--- What you will do ---
Please reproduce all of the data below exactly, leaving each picture out.

--- Exercise data ---
────────────────
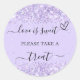 Un elegante fondo violeta de color lavanda, decorado con confeti. Con el texto: El amor es dulce, por favor tómate un regalo, con un corazón pequeño. Personalice y agregue sus nombres.
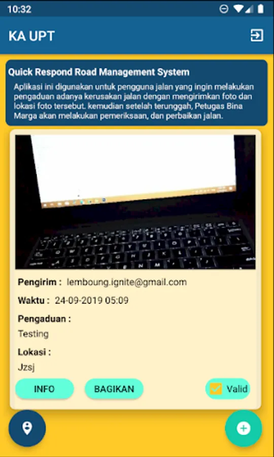 This application is intended for the Head of the Technical Implementation Unit to validate public complaints and view survey results
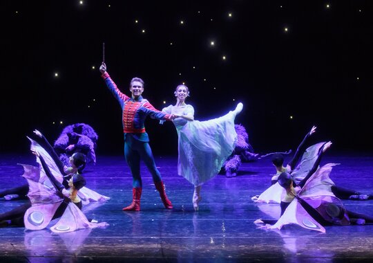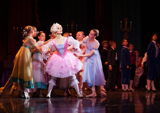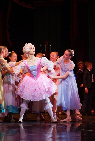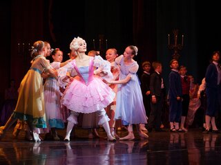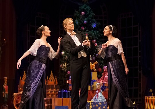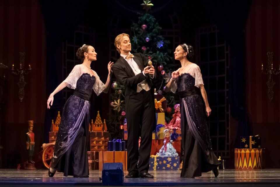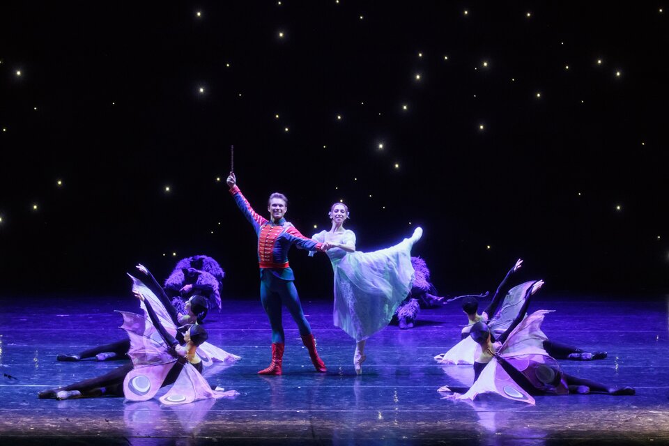 «Щелкунчик» не нужно долго представлять — как не нужно объяснять, что такое Новый год. Играет по-моцартовски прозрачная увертюра, падает снег, медово светятся окна дома Штальбаумов, а в доме горит огнями рождественская ёлка. Потом ёлка вырастает, пряничные солдаты сражаются с крысами, кукла для колки орехов превращается в принца, и все отправляются в страну сластей.
────────────────
--- Solution below ---
 Un elegante fondo violeta de color lavanda, decorado con confeti. Con el texto: El amor es dulce, por favor tómate un regalo, con un corazón pequeño. Personalice y agregue sus nombres.
 This application is intended for the Head of the Technical Implementation Unit to validate public complaints and view survey results
 «Щелкунчик» не нужно долго представлять — как не нужно объяснять, что такое Новый год. Играет по-моцартовски прозрачная увертюра, падает снег, медово светятся окна дома Штальбаумов, а в доме горит огнями рождественская ёлка. Потом ёлка вырастает, пряничные солдаты сражаются с крысами, кукла для колки орехов превращается в принца, и все отправляются в страну сластей.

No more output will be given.